● **Exercise objective**
Every line from the top of the records below through the one containing "One day later" must be copied exactly, and the pictures must not be.

Data extracted from a collection
"""
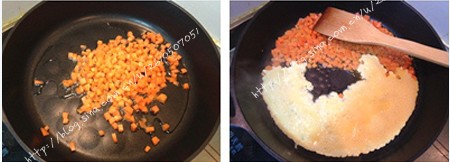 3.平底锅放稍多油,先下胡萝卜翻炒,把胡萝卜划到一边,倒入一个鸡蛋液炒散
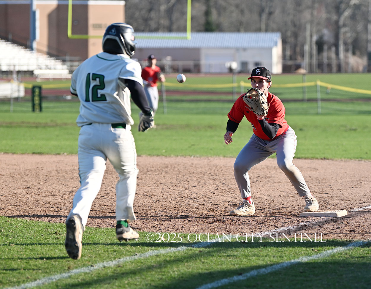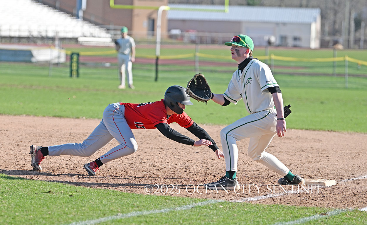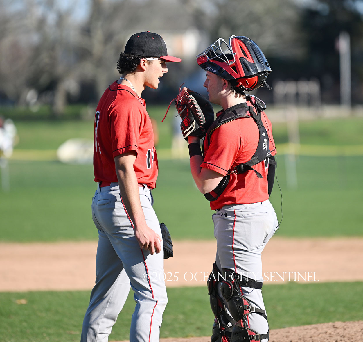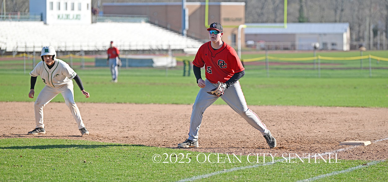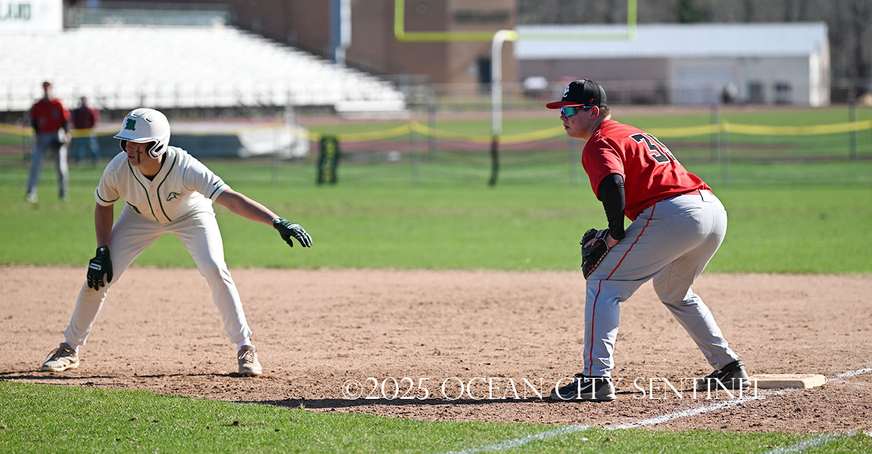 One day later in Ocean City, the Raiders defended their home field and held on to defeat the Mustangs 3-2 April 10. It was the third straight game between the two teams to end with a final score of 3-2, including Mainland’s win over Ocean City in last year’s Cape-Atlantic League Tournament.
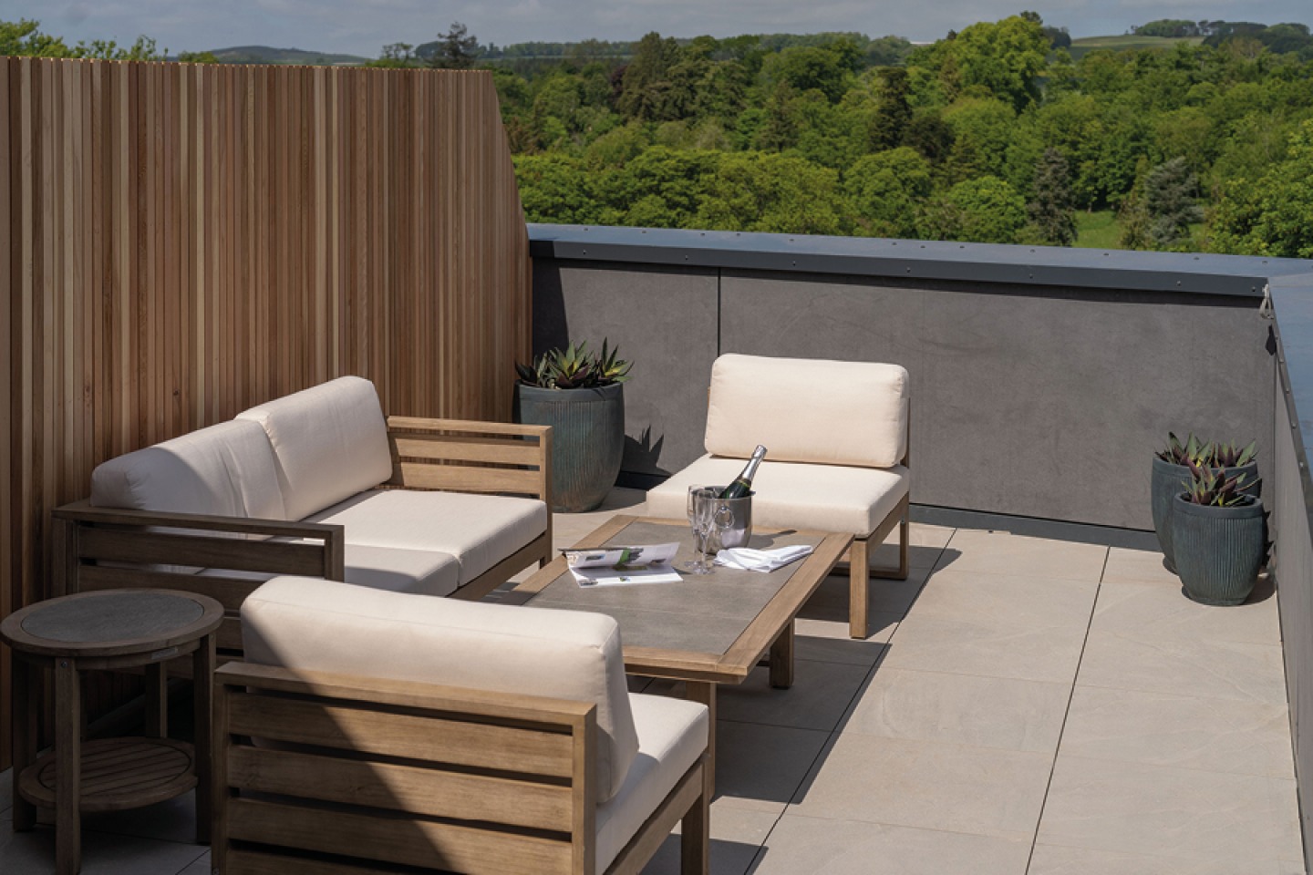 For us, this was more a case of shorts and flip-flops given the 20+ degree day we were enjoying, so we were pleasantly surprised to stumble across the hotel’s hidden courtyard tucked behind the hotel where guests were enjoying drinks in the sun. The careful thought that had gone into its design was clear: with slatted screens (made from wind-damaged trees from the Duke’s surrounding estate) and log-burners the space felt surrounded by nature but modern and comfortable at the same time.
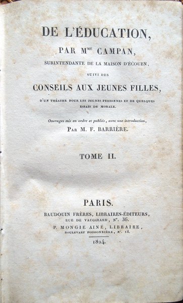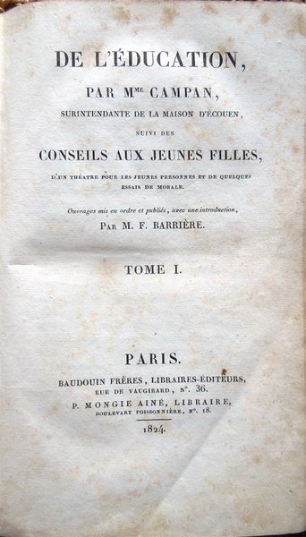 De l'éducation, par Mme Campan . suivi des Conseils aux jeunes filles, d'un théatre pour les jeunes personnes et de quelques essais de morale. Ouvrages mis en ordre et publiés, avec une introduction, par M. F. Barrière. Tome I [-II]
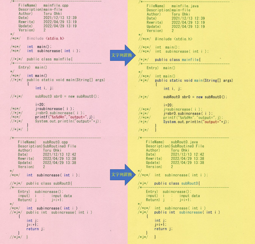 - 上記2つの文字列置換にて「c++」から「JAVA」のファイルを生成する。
"""
● **Final answer**
 3.平底锅放稍多油,先下胡萝卜翻炒,把胡萝卜划到一边,倒入一个鸡蛋液炒散
 One day later in Ocean City, the Raiders defended their home field and held on to defeat the Mustangs 3-2 April 10. It was the third straight game between the two teams to end with a final score of 3-2, including Mainland’s win over Ocean City in last year’s Cape-Atlantic League Tournament.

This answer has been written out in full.